## [SUPPLIED ENTRIES]
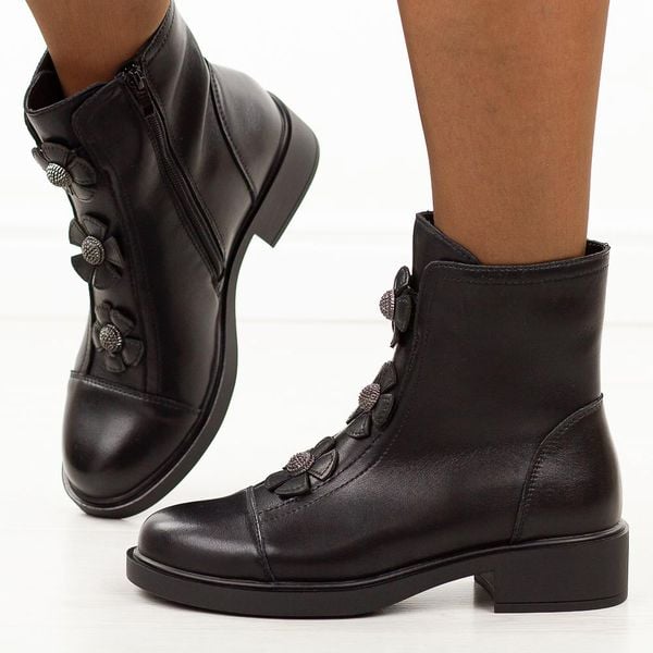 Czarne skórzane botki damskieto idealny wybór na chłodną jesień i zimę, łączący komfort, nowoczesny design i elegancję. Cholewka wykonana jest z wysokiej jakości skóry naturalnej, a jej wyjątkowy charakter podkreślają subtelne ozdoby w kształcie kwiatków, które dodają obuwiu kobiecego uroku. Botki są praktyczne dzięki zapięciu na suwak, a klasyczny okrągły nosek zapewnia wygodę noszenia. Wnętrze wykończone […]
---
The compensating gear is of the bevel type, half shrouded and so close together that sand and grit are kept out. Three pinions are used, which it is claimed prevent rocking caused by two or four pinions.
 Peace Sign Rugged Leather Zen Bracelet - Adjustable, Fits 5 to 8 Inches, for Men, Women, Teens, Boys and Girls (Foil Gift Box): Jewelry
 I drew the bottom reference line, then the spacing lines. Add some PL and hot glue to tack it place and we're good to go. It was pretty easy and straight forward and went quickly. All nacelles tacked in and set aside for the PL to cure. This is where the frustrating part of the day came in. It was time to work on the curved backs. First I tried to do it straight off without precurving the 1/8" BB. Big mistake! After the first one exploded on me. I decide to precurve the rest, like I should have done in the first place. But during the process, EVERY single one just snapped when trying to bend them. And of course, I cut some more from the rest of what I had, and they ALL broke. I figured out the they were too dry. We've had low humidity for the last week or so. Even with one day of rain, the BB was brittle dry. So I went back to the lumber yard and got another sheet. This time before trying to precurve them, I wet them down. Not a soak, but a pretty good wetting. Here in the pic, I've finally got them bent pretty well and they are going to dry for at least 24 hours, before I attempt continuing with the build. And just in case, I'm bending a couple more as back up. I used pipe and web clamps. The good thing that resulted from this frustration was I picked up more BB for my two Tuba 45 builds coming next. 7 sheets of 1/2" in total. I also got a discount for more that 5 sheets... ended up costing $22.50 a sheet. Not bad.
==
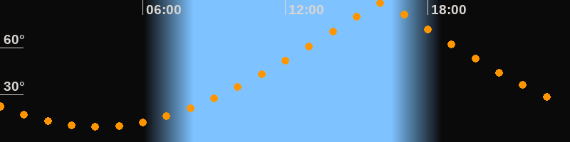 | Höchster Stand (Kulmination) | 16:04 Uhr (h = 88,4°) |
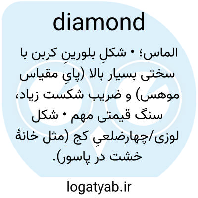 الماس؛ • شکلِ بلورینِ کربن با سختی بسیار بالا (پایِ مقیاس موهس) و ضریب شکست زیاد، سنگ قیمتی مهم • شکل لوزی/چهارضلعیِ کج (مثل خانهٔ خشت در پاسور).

## [AIM OF THE EXERCISE]
Only a number is wanted here: the count of lines in the listing above holding the string "used".

## [PROBLEM SOLUTION]
2